I like to do stuff early. We researched and chose our midwives well before we conceived (and before we started TTC), and it was so nice to just know who to call that day I got my BFP (to reserve a spot). Now I'm on the hunt for more practitioners. I want to find:
- a pediatrician
- a daycare provider (preferably in-home, part-time)
- a childbirth educator
- a doula (maybe, and hopefully same person as childbirth educator)

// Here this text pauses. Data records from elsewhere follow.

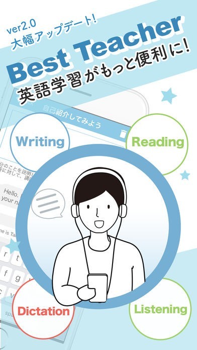 ベストティーチャーは、英語に関する4つの能力、読む、聞く、書く、話すを効果的に鍛えられる本格的な英語学習アプリです。 アプリを起動するとネイティブの発音で英文が読み上げられ、単語を選択しながら読み上げられた英文を構成することが求められます。英会話の能力や聞き取り能力を高めるために必要な、ディクテーションに関する本格的なレッスンを受けられるようになっているのです。 また、問題に正解できない場合にはヒントが表示されるので、諦めることなく最後まで問題に取り組めるようになっています。さらに、正解数や問題の難易度に応じて得点が表示され、利用者間における得点ランキングも表示されるので、他の利用者と競争しながら英語学習に取り組めるアプリとなっています。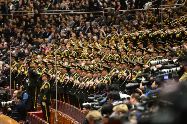 3月5日,第十二届全国人民代表大会第四次会议在北京人民大会堂开幕。这是军乐团高奏国歌。新华社记者刘军喜摄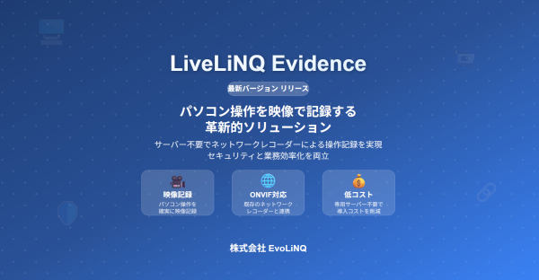 株式会社EvoLiNQ(本社:富山県富山市、代表取締役:冨成敬之)は、パソコン操作を映像で記録するソフトウェア「LiveLiNQ Evidence」の最新バージョンをリリースしたことを発表いたします。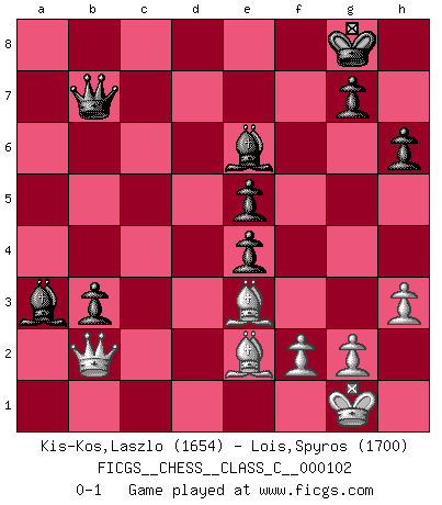 Last move : 0-1 2009 February 27 3:34:43 [Event "FICGS__CHESS__CLASS_C__000102"] [Site "FICGS"] [Date "2008.12.07"] [Round "1"] [White "Kis-Kos,Laszlo"] [Black "Lois,Spyros"] [Result "0-1"] [WhiteElo "1654"] [BlackElo "1700"] 1.e4 e5 2.Nf3 Nc6 3.Bb5 a6 4.Ba4 Nf6 5.O-O b5 6.Bb3 d6 7.Re1 Be7 8.c3 O-O 9.h3 Na5 10.Bc2 c5 11.d4 Qc7 12.d5 c4 13.b4 cxb3 14.axb3 Bd7 15.Nbd2 Qxc3 16.Ba3 Rfc8 17.Rc1 Nb7 18.Bd3 Qa5 19.Ra1 Qd8 20.b4 h6 21.Nb3 a5 22.bxa5 Nxa5 23.Nxa5 Rxa5 24.Bb4 Rxa1 25.Qxa1 Ra8 26.Qb2 Bf8 27.Ra1 Nh5 28.Bd2 Rxa1+ 29.Qxa1 Qc8 30.Kf1 f5 31.Be2 fxe4 32.Nxe5 dxe5 33.Bxh5 Qc4+ 34.Be2 Qxd5 35.Be3 b4 36.Kg1 b3 37.Qc3 Be6 38.Qc1 Qb7 39.Qb2 Ba3 0-1 Ruy Lopez : ...b5 & ...d6 Kingside Castling by player White (move 5) Kingside Castling by player Black (move 8) Player Black won this chess game. Follow this game move after move (download)Chess is the art which expresses the science of logic. (Mikhail Botvinnik) Korrekt heißt in Deutschland die Haltung eines Mannes, dessen Benehmen nach dem Urteile seiner Nachbarn seiner Stellung angemessen ist. Um korrekt zu sein, muß man sich der Meinung der anderen anpassen... (Emanuel Lasker) Cuando no sepas que mover, espera por una idea que se le venga a la la cabeza de tu oponente. Tenlo por seguro de que esa idea estará incorrecta. (Siegbert Tarrasch) La menace est plus forte que l'exécution. (Aaron Nimzovitch) Humor is by far the most significant activity of the human brain. (Edward De Bono)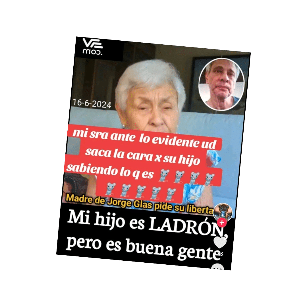 Por ejemplo, un video que circula en TikTok asegura que la madre del exvicepresidente, Jorge Glas, dijo: “Mi hijo es ladrón, pero buena gente”. Se califica este contenido como falso. No hay registro de que la madre del exvicrpresidente haya dicho la declaración que se le atribuye.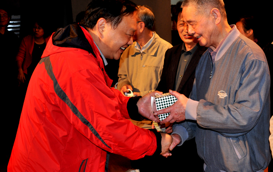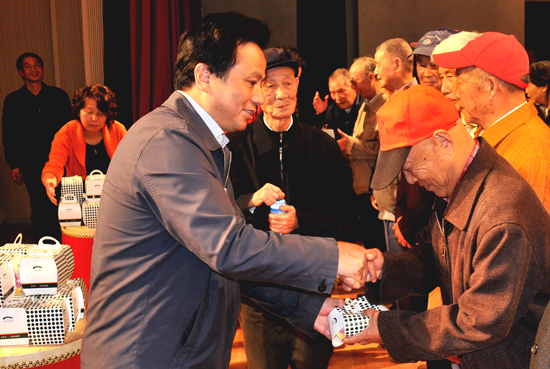演出中还精心安排了为70岁、80岁和90岁整生日的老同志集体祝寿。党委书记章怀云、校长周先雁等领导在生日快乐歌声中为寿星们发生日蛋糕。老寿星们紧紧握住领导的手,笑容满面,大家深深感到:这么多领导从百忙中抽出时间来为我们祝福是多么的温暖啊!有些寿星感动得热泪盈眶,激动得说不出话来。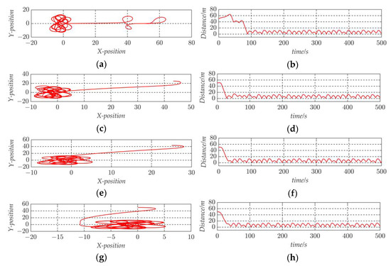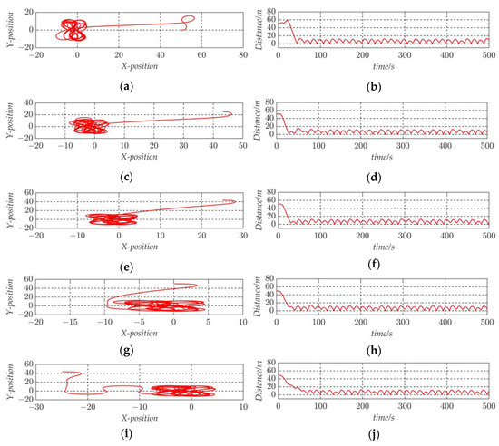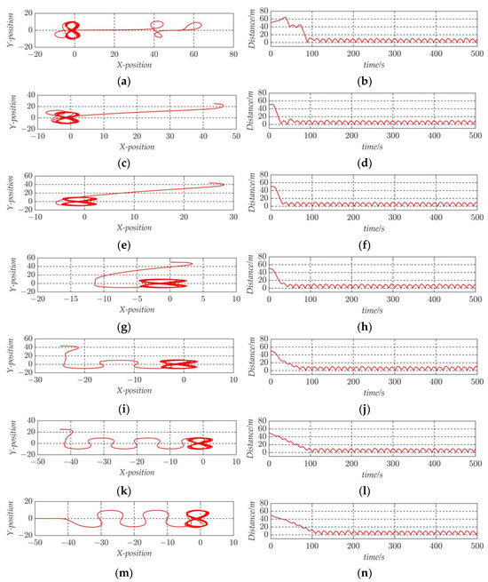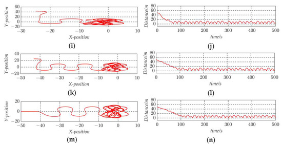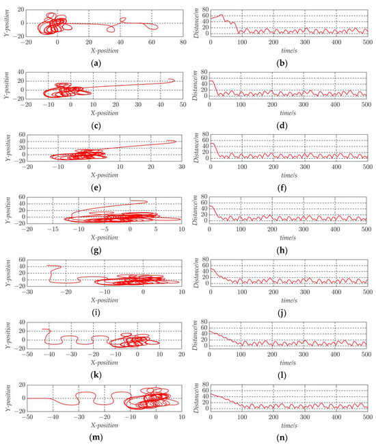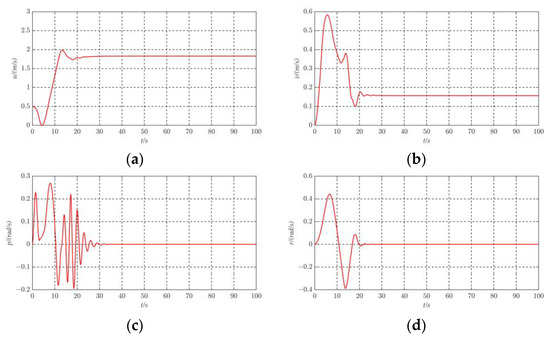Increasing generally speeds up the convergence of the longitudinal error, but it may lead to overly aggressive system responses. The value of affects the calculation of the control input, which in turn influences the smoothness of trajectory tracking. In practical adjustments, it is necessary to ensure both the convergence speed and the stability of the sailboat’s motion, as well as the smoothness of the trajectory. The appropriate combination of and is determined through multiple trials.
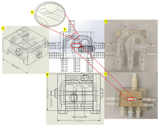 (A). Side view of the top half, (B). Anterior view of the centerpiece with rails (C). Bottom half of the centerpiece with stent and gasket. Interior view of the centerpiece with rails, (D). 3D phantom with the labeled conduits (E). Completely stenosed section in the HCSII anatomy. (F). HCSII centerpiece within the rectangular block.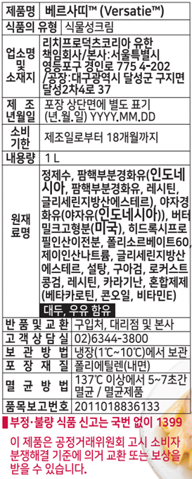 베르사띠 휘핑크림(1L 1Kg/EA)식물성 쿠킹 크림 생크림
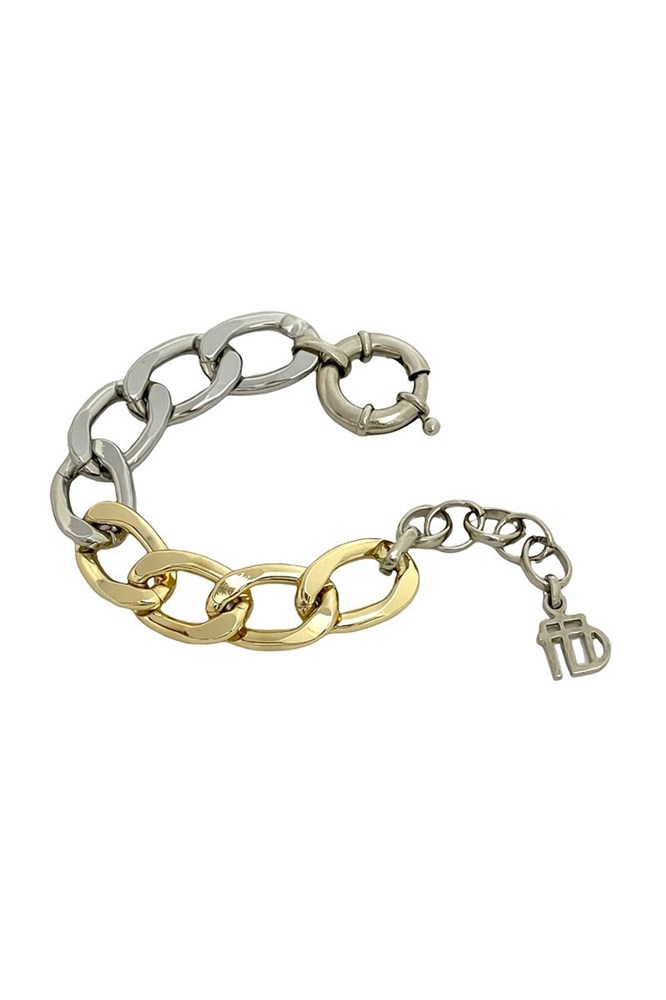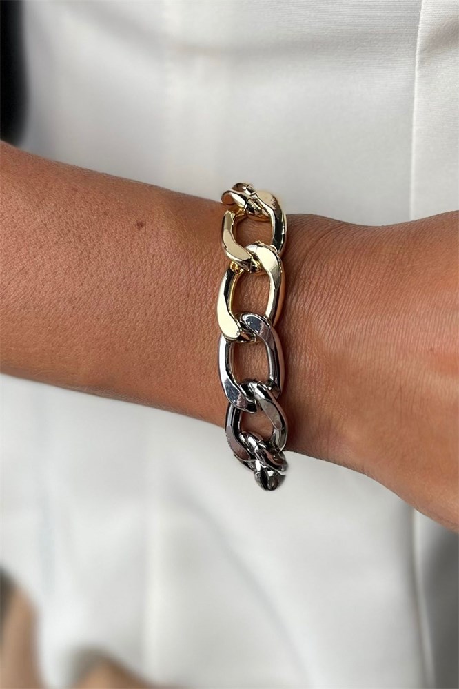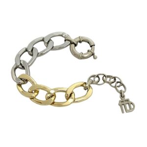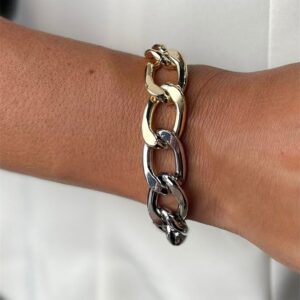 Pulseira corrente grumet, no mix de banhos prata e dourado.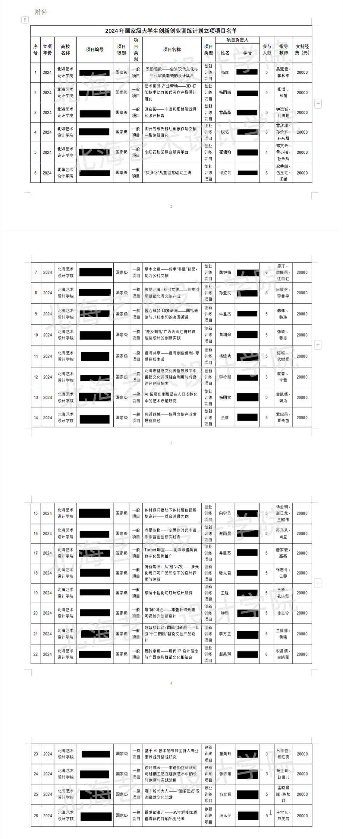 附件:2024年国家级大学生创新创业训练计划立项项目名单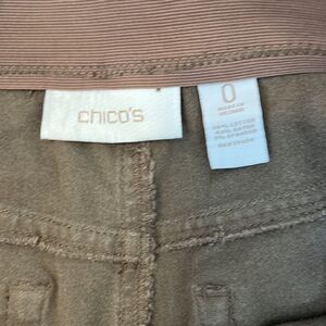 Chicos size O/S brown comfy cropped zip front elastic waist band jeans EUC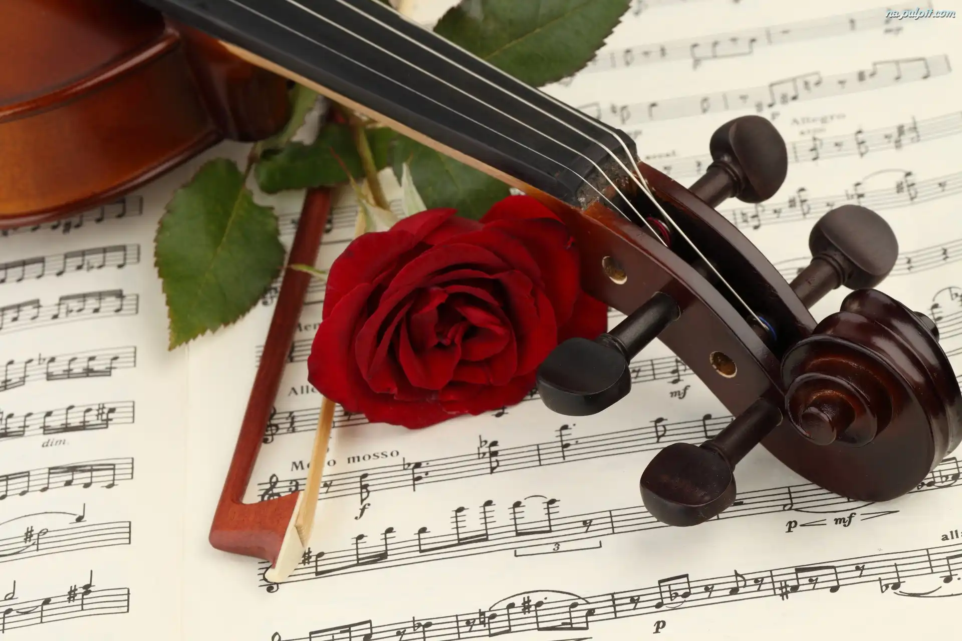Róża, Smyczek, Skrzypce, Nuty Na Pulpit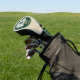Protect your clubs with a touch of regal sophistication on the fairway! This premium golf head cover features a timeless hunter green and ivory palette, showcasing a stately heraldic crest with a majestic crown and a traditional laurel wreath.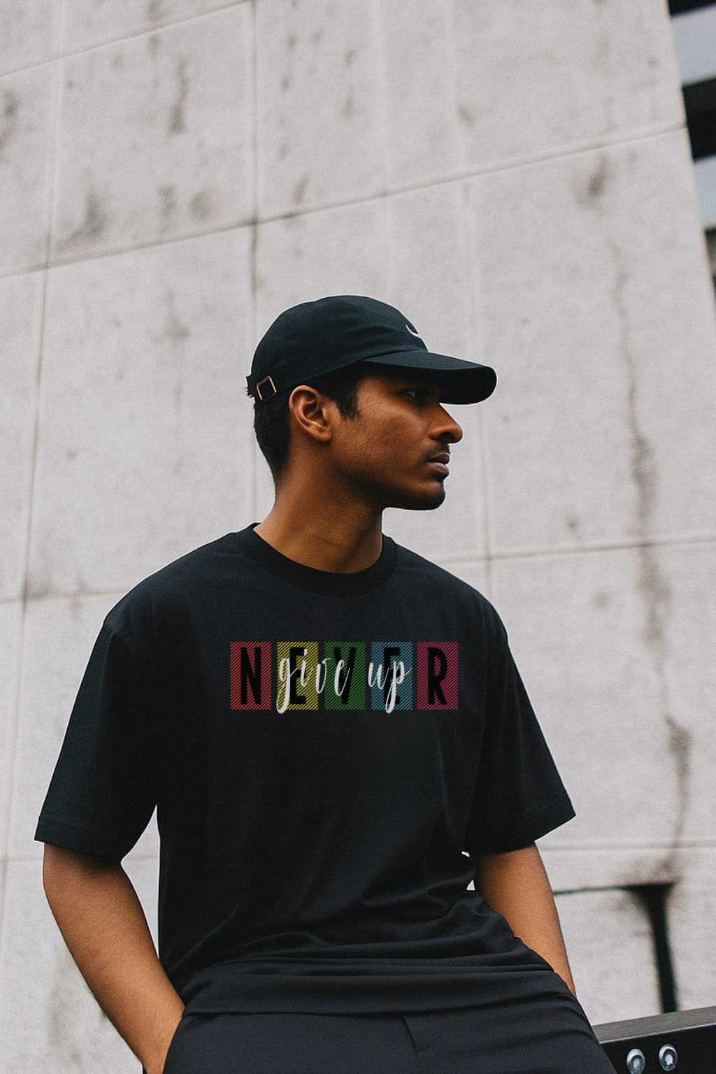 The Never Give Up Oversized Unisex T-Shirt is a statement of confidence and determination. Made with premium 190 GSM soft cotton, it offers lightweight comfort and a relaxed streetwear fit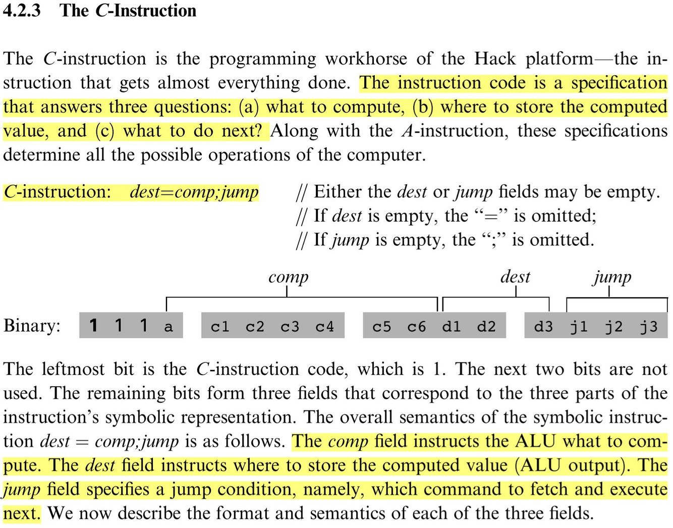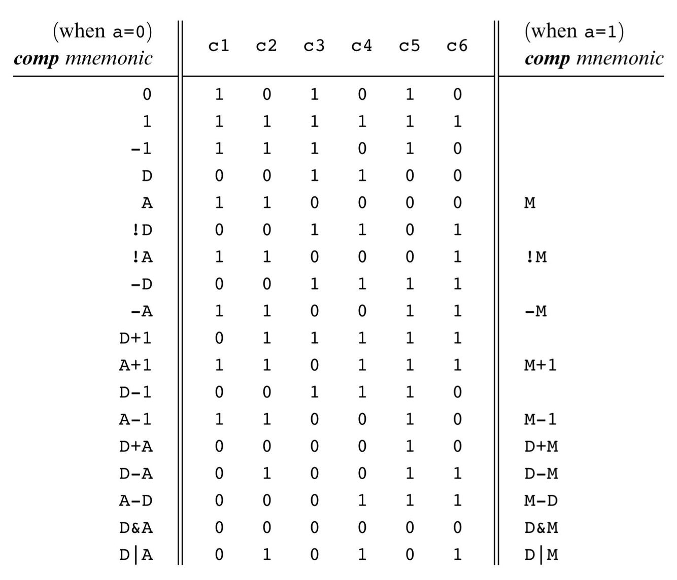 this is because the bits of the comp field in the C instruction are the bits that are fed to the ALU as control bits.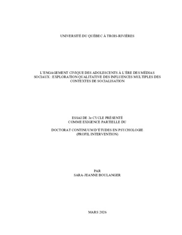 Boulanger, Sara-Jeanne (2026). L’engagement civique des adolescents à l’ère des médias sociaux : exploration qualitative des influences multiples des contextes de socialisation. Essai. Trois-Rivières, Université du Québec à Trois-Rivières, 140 p.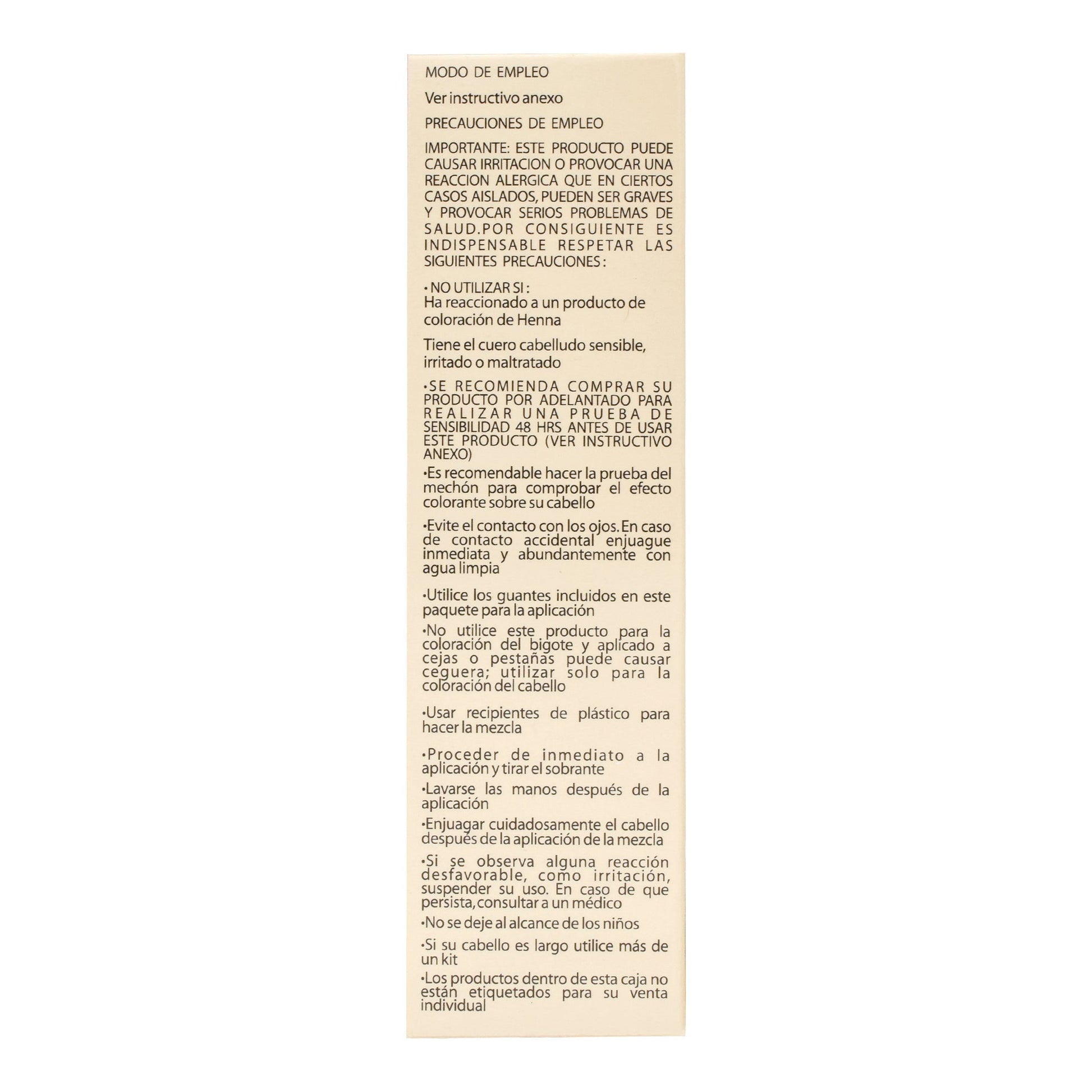 Realizar una prueba de sensibilidad 48 horas antes de su aplicacion de acuerdo con este instructivo, este producto puede causar irritacion en algunas personas, suspenda su empleo en caso de irritacion, evite el contacto con los ojos, en caso de contacto accidental enjuague inmediata y abundantemente con agua limpia, mantener fuera del alcance de los ninos, conservar en lugar fresco y seco

I am hoping my MW will have some recommendations, or else the other women she's caring for who've already had babies in the area. I'm really excited about the group prenatal sessions we will have. Some of the prenatal appointments are done community-style, so we can have a chance to talk with other moms, get recommendations, rent birth tubs from one another, etc.
Anyone else have advice about the search for these practitioners?
I have no advice.
For me, the midwives in my city are all under one umbrella group so it was an easy choice there. My doctor will be my baby's doctor. I get a year of maternity leave and hope not to return to work after so no daycare.
My list is:
Find a childbirth educator
Get in touch with La Leche League and make connections in case I run into issues nursing
Decide if we want a doula and hire one
Find a birthing tub
Good for you for finding your midwife beforehand! I thought I was the only one preparing that far in advance. (Though I felt silly calling them when I wasn't pregnant so I didn't)
Hillary (22) Justin (25)
We're expecting our first precious sprout in April 2012 And planning a homebirth!
Dealic, thanks for the reminder. I'm going to visit a LLL meeting to make contact and get to know the people I might call if the need arises.
If your LO is going to be in daycare, I definitely think its a good idea to find a care provider before s/he is born. I got on the wait list for the place we wanted when I was 6 mos. pg with DD, and they didn't have an opening until she was 10 weeks old. We did end up having to pay for three weeks after that to "hold our spot" until I returned to work, but it was worth it to send her where I wanted.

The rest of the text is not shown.